Tre strade per il futuro del software: Karpathy, Lamport e Kernighan a confronto
Nel dibattito sull’evoluzione della programmazione, le visioni di Andrej Karpathy, Leslie Lamport e Brian Kernighan tracciano percorsi distinti, spesso percepiti come antitetici ma in realtà complementari nel definire i confini della programmazione moderna.
Karpathy, con la sua idea di Software 3.0, propone una rottura concettuale: il codice come lo conosciamo non è più al centro dell’attività ingegneristica.

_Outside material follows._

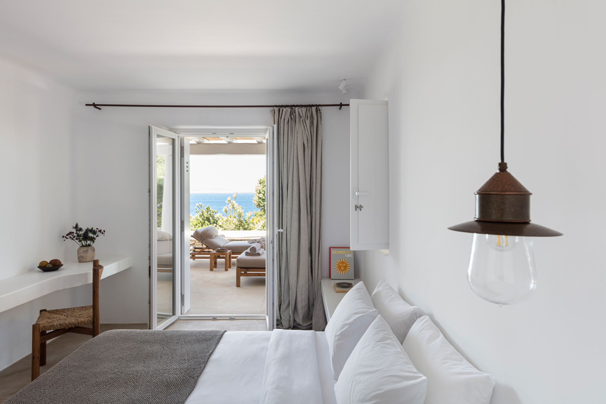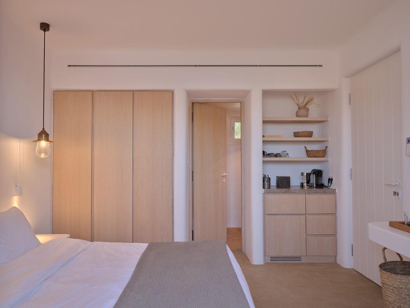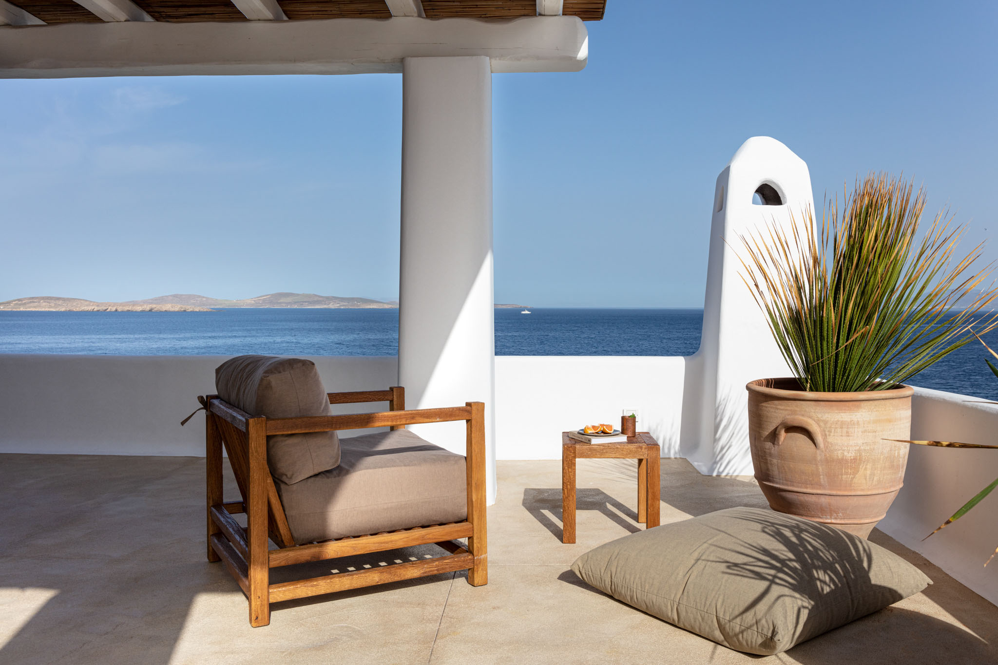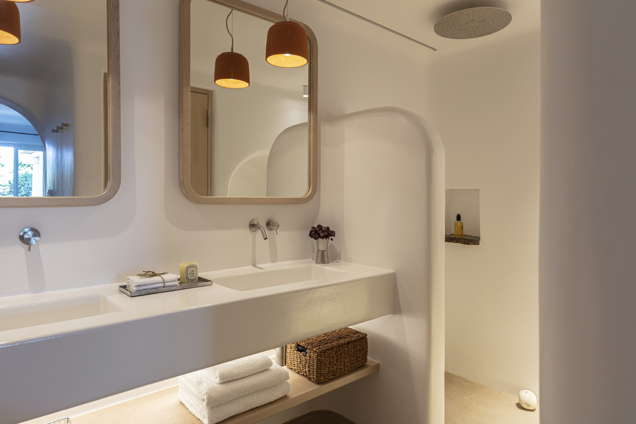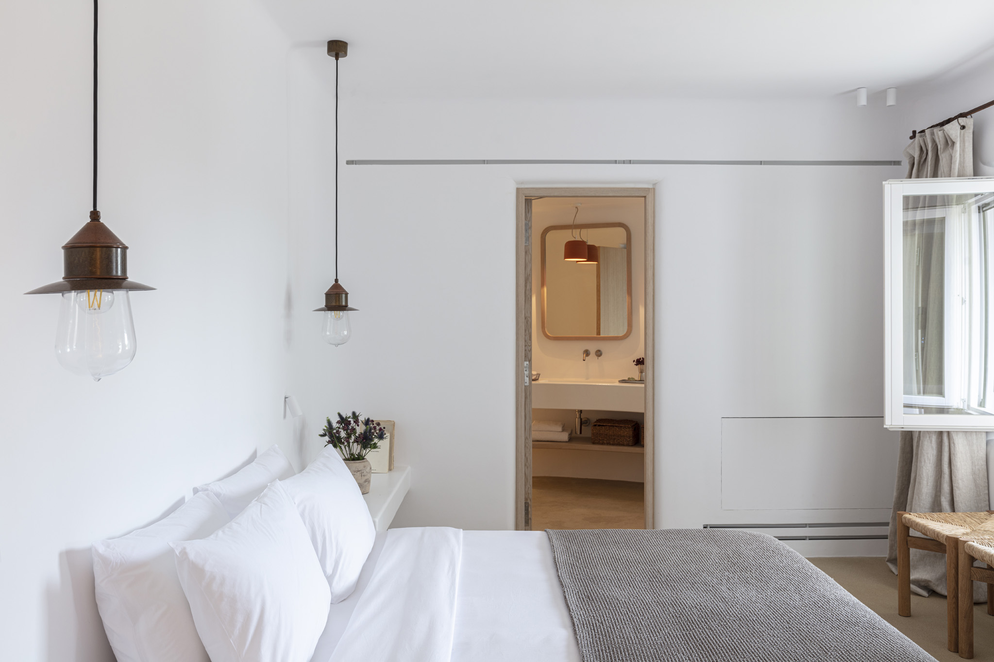 – 1 master double bedroom, en-suite bathroom, double sinks, private shaded terrace, sea&sunset views overlooking Delos & Rhenia islands
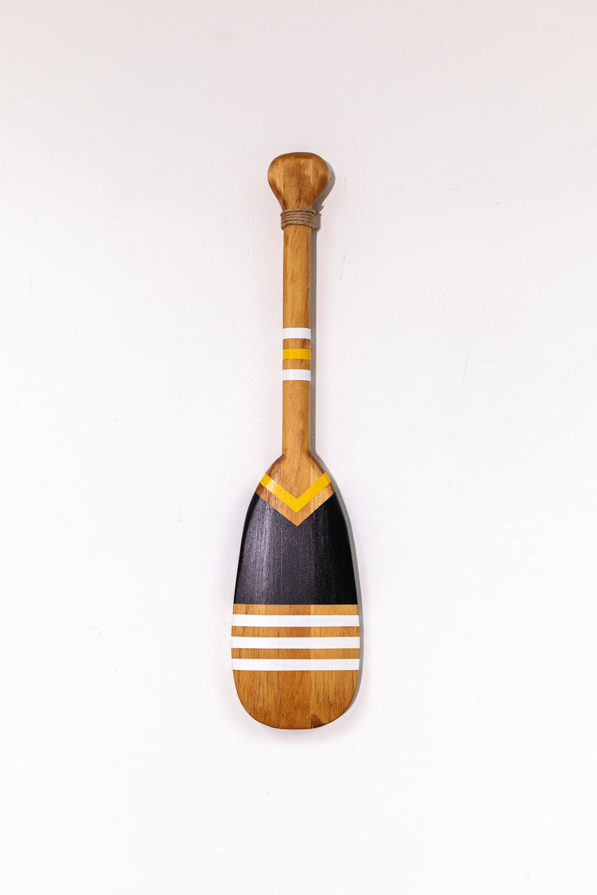 Transforme seu espaço com este remo decorativo tribal, uma peça artesanal que irradia beleza ancestral. Cada detalhe é meticulosamente pintado à mão, exibindo grafismos únicos em madeira natural trabalhada em marchetaria. Ele é perfeito para adicionar um toque de personalidade vibrante e energia cultural à sua casa. Pendure-o na parede ou apoie-o para uma atmosfera instantaneamente estilosa e tranquila.

Al suo posto, entrano in gioco modelli linguistici programmabili in linguaggio naturale, interfacce neurali e strumenti di orchestrazione semi-autonoma. Qui, il programmatore non è più colui che scrive ogni riga, ma chi dialoga con un’intelligenza artificiale, la guida, la verifica e la affina.
Questa visione entra in tensione con la posizione di Leslie Lamport, secondo cui “scrivere codice non è programmare“. Per Lamport, la progettazione formale, la logica e la precisione nella modellazione dei sistemi sono fondamentali e non possono essere sostituite da prompt in linguaggio naturale. Il rischio, secondo lui, è costruire sistemi opachi e fragili, difficili da verificare, soprattutto in ambiti dove l’affidabilità è critica. Karpathy, al contrario, scommette sul fatto che i LLM possano diventare runtime affidabili, purché guidati e contenuti tramite GUI, strutture di audit e strategie di progettazione nuove.
Brian Kernighan si colloca su un altro piano: pragmatico, radicato nell’esperienza, sostiene che gli LLM siano validi strumenti di supporto, ma la competenza nel codice resta centrale. Per lui, la programmazione tradizionale è viva, anche se affiancata da assistenti intelligenti. A differenza di Karpathy, non vede nel linguaggio naturale un sostituto del codice, ma un potenziamento dell’attività umana, che però richiede sempre il controllo dell’esperto.
In definitiva, Karpathy guarda avanti con ottimismo verso un futuro prompt-driven, Lamport richiama all’importanza del pensiero formale, mentre Kernighan tiene saldo il legame con la concretezza della programmazione tradizionale.